Asian invisibility and violence against Asians is nothing new. (See the murder of Vincent Chin and the Chinese massacre of 1871, for starters.)
The violence we see today is part of a historic pattern of xenophobia, white supremacy, racism and ageism in the United States, said Connie Wun, the co-founder and executive director of AAPI Women Lead.
“There are racist tropes, which characterize our communities as rich in resources, when many of us are living in poverty, especially our elders living in our ethnic enclaves including Chinatown,” she said. “This uptick is a part of the invisibilization and neglect of the racialized experiences that have long impacted Asian communities. When our stories are rendered invisible, our most vulnerable become even more vulnerable.”
Speak up against injustice and harassment when you see it.

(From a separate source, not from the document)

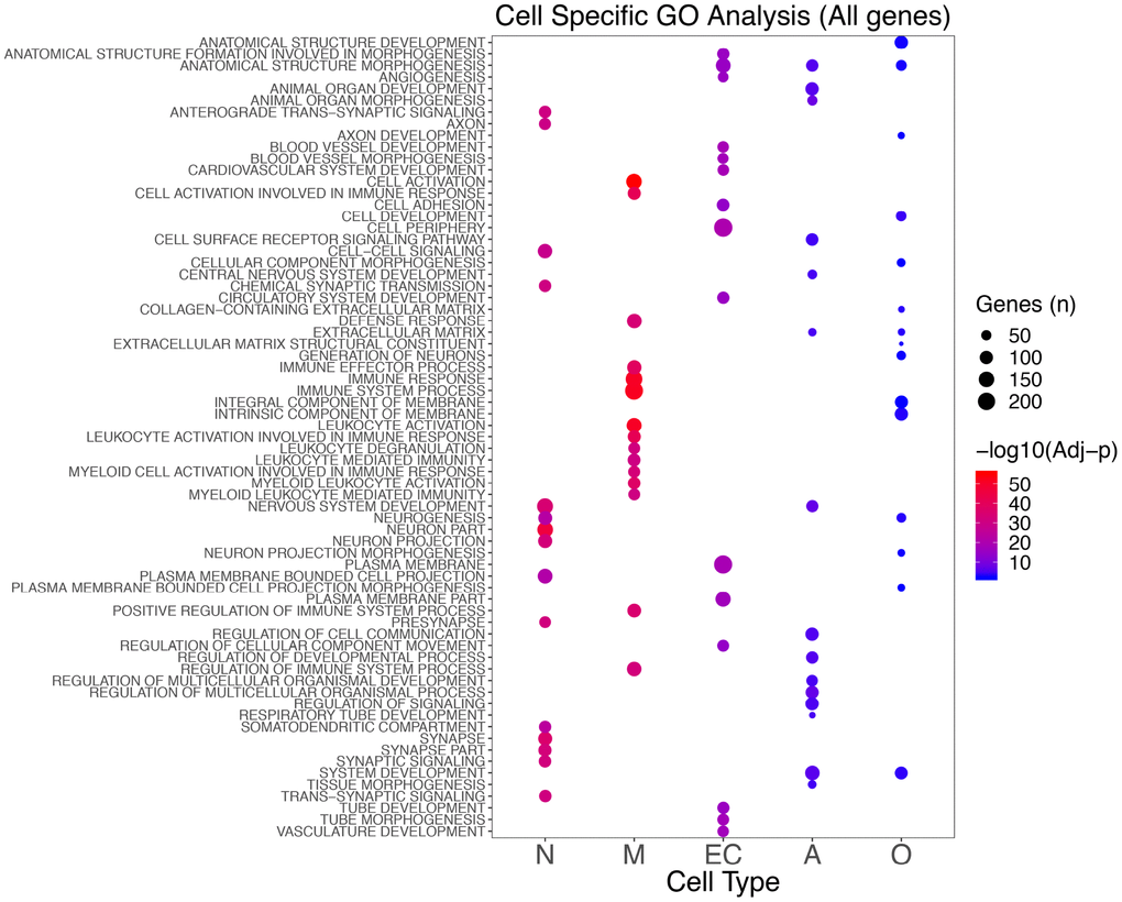 Using Gene Ontology (GO), we identified significantly enriched processes for each cell type (Supplementary Table 3A–3C; Supplementary Figure 5). Genes showing the most specific functional classes were neurons (synaptic and neuronal), endothelial (vascular and angiogenesis), and microglia (immune system). Astrocyte genes were enriched in developmental processes and cell-cell signaling, whereas oligodendrocytes were enriched for developmental and neurogenesis processes (Figure 3).

Earlier on in the pandemic, a viral video showed people on a train in the U.K. defending an Asian woman who was being racially harassed for wearing a mask to protect herself as a cancer survivor.
“If she wants to wear the mask, then she can wear the mask, it doesn’t bother nobody else,” a bystander said before calmly objecting to the harasser’s use of racial slurs.
It was a great reminder that there are safe and simple ways you can intervene in hate incidents. With the rise of online videos that have captured harassment and intimidation, some have even decided to sign up for active bystander training with groups like Defend Yourself. The group was created to empower people — especially women and LGBTQ+ people — to stand up against harassment and assault in public places.
Check in to see how your Asian friends are doing.
As Therese Mascardo, a psychologist who works in the Asian American community, told HuffPost in April when these attacks first began, allyship can also mean just checking in on your Asian American friend to see how they’re doing given the circumstances.
“Don’t be afraid to be direct. You can say something like: ‘With all the racism against Asians lately, I was wondering if anyone has treated you differently?’ Just listen and support them,” she said. “And please, don’t minimize their experience.”